◆ About this task ◆
Of the entries below, restate word for word only the section that runs from the line with "So yes, technically" to the line with "jednocześnie nowoczesny wygląd.", counting both ends.

◆ The data ◆
Start of Block
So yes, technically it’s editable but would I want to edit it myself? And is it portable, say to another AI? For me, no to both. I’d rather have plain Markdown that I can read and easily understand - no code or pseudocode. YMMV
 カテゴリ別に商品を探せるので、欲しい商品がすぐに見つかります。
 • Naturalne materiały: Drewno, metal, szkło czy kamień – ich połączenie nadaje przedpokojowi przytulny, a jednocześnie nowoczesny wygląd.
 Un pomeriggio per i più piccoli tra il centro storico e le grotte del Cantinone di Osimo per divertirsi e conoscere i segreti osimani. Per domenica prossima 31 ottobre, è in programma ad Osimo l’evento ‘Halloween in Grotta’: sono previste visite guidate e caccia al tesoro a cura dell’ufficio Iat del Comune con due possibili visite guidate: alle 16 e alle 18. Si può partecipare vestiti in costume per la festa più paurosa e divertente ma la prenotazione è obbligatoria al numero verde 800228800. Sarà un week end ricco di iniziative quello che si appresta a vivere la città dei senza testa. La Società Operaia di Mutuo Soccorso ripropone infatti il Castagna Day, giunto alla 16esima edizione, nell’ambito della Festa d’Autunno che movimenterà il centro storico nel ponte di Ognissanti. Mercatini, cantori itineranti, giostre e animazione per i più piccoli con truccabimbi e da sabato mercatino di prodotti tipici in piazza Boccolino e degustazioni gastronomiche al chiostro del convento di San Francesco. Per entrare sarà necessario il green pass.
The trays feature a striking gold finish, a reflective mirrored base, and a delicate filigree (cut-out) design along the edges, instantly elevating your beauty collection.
End of Block
Start of Block
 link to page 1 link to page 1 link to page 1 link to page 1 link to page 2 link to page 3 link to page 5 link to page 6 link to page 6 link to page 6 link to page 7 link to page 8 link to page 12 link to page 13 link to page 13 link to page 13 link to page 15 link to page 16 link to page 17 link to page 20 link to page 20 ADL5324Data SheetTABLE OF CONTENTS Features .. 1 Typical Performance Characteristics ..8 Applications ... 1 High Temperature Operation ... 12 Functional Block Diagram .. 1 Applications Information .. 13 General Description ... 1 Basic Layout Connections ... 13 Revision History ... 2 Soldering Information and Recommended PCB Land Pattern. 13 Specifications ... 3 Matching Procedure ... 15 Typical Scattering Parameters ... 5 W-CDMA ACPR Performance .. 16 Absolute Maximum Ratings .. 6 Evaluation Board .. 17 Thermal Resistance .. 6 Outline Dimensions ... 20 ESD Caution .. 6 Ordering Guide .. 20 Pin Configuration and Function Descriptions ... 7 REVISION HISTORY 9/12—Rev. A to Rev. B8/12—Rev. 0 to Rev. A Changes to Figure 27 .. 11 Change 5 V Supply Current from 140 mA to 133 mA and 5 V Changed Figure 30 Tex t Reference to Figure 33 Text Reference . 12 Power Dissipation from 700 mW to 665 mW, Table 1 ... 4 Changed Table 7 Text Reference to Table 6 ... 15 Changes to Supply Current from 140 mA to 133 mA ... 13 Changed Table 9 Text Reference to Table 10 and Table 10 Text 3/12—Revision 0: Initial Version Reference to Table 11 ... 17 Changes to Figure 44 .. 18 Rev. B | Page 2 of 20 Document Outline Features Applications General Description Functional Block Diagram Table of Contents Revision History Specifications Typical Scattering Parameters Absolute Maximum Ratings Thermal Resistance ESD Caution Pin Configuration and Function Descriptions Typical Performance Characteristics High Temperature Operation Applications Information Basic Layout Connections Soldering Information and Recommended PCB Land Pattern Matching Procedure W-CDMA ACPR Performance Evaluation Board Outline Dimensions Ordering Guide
End of Block
Start of Block
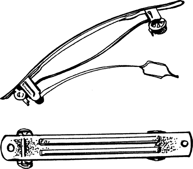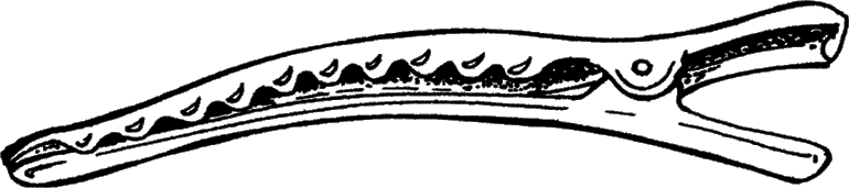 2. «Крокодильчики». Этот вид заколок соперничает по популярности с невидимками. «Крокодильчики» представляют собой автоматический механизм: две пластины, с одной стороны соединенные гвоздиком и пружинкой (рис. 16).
End of Block
◆ Answer ◆
So yes, technically it’s editable but would I want to edit it myself? And is it portable, say to another AI? For me, no to both. I’d rather have plain Markdown that I can read and easily understand - no code or pseudocode. YMMV
 カテゴリ別に商品を探せるので、欲しい商品がすぐに見つかります。
 • Naturalne materiały: Drewno, metal, szkło czy kamień – ich połączenie nadaje przedpokojowi przytulny, a jednocześnie nowoczesny wygląd.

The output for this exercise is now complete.